Q: Does GitHub have a native AI bot detection feature built in?
As of mid-2025, GitHub does not have a native AI-generated content detection system for pull requests or issue comments. GitHub has added Copilot-authored attribution to commits made via Copilot, but this is opt-in metadata, not enforcement. The GitHub Community forum has active discussions on this gap. For coordinated spam, your best current options are the workflow-based heuristics in this guide, combined with manual review. Watch the GitHub Changelog for updates — this is a known pain point the platform team is aware of.

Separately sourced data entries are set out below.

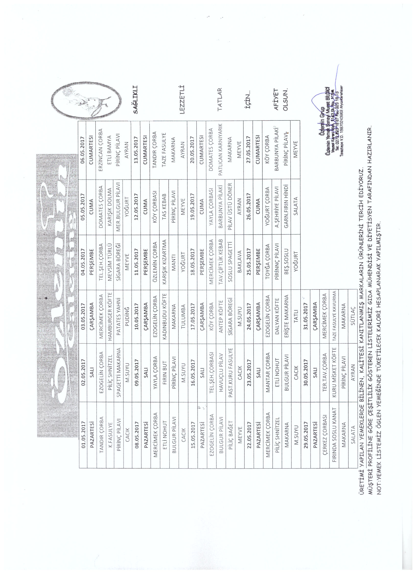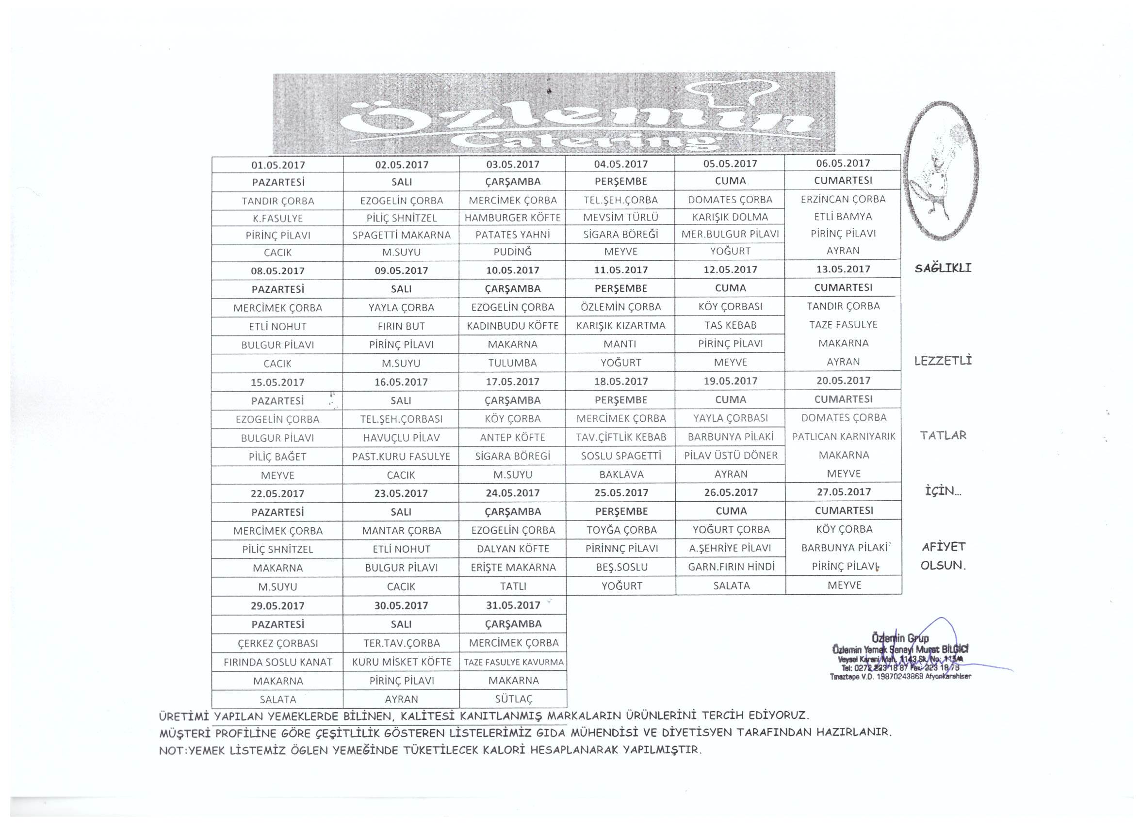 2017 - Mayıs Ayı Yemek Listesi Yayınlandı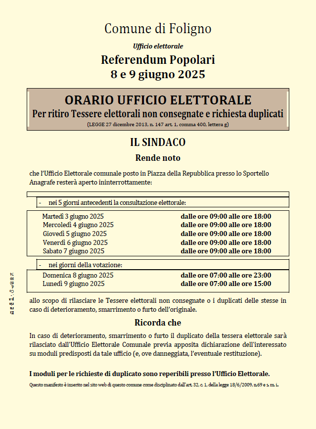 In occasione dei Referendum, l’ufficio elettorale del Comune – per il ritiro delle tessere elettorali non consegnate o per la richiesta di duplicati – sarà aperto con orario continuato (dalle 9 alle 18) nei giorni di martedì 3, mercoledì 4, giovedì 5, venerdì 6 e sabato 7 giugno 2025.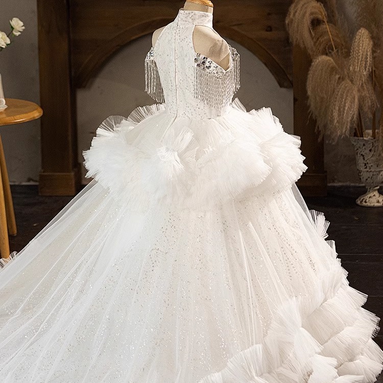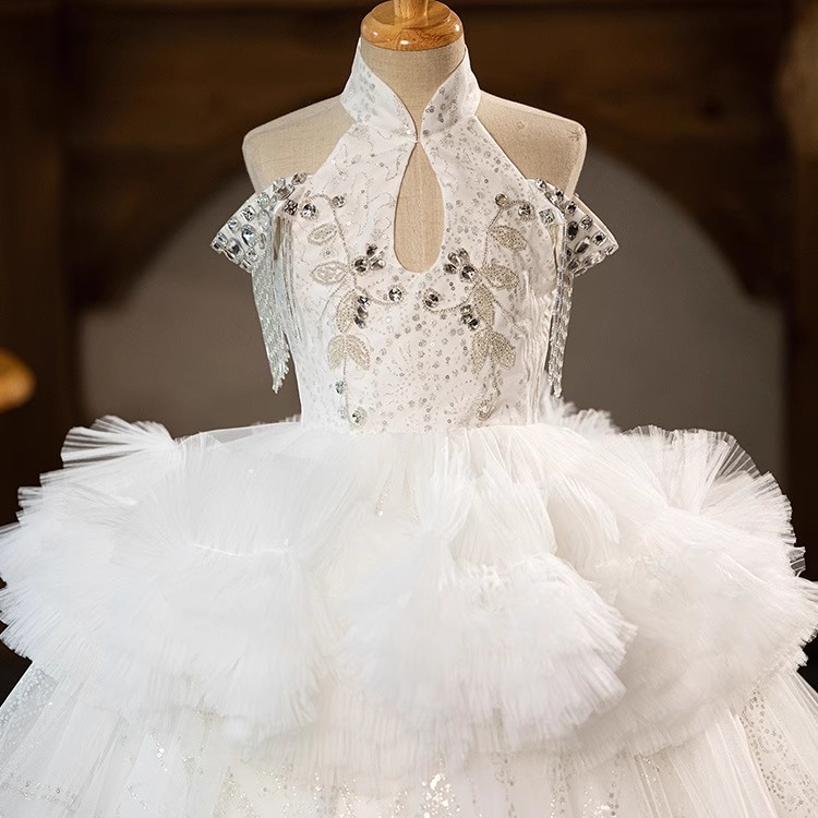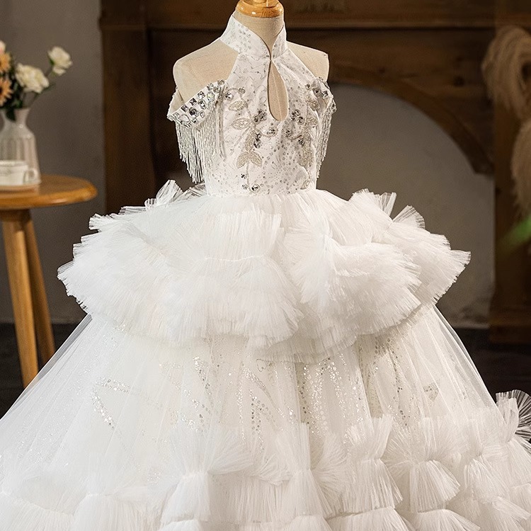 中式女童生日礼服白色拖尾蓬蓬公主裙走秀儿童演出服高端轻奢小众
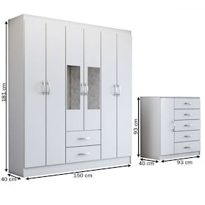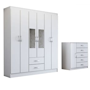 O(a) Guarda-Roupa Casal Adam 6 Portas 2 Gavetas e Espelho com Cômoda 1 Porta 5 Gavetas Branco - Loja é produzido em MDP na escala de brilho Brilhante, e possui um grau de dificuldade de montagem: Médio.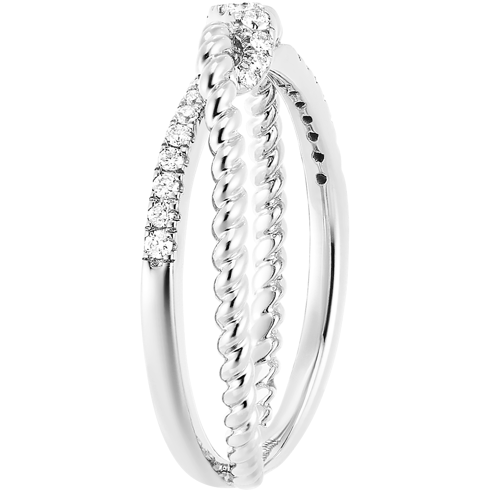Un inel în care un șnur din aur se împletește cu un inel pavat cu diamante, ca într-o îmbrățișare veșnică.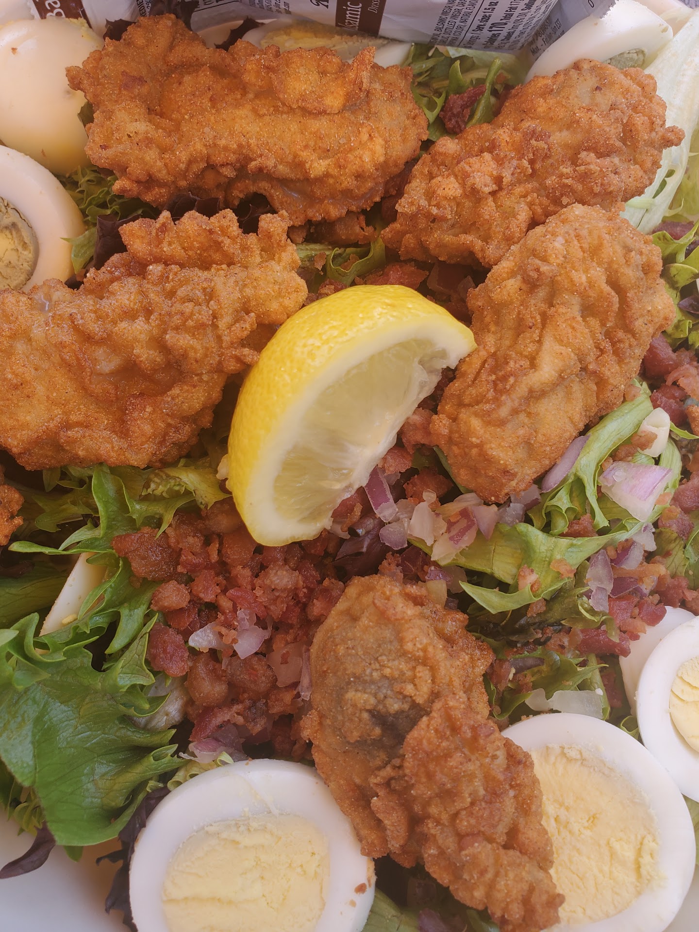 It was my first time trying fried oysters and I was super impressed by the light batter and crispy crunch. I wish that I could have eaten more, but my stomach said "stop". We were able to box up the salad which was a diverse mix of greens, bacon, onions, and eggs. Dressing came on the side along with homemade tartar sauce and cocktail sauce.

Q: How do I report a coordinated spam campaign to GitHub Trust & Safety?
Navigate to github.com/contact/report-abuse and select "Spam or misuse". Include the repository URL, a list of the offending account usernames, and a description of the pattern (e.g., coordinated bot accounts flooding a bounty issue). For large-scale campaigns affecting multiple repos, posting in the GitHub Community forum under the Trust & Safety category increases visibility. GitHub's T&S team can take action at the account and IP level, which goes beyond what repo-level tooling can achieve.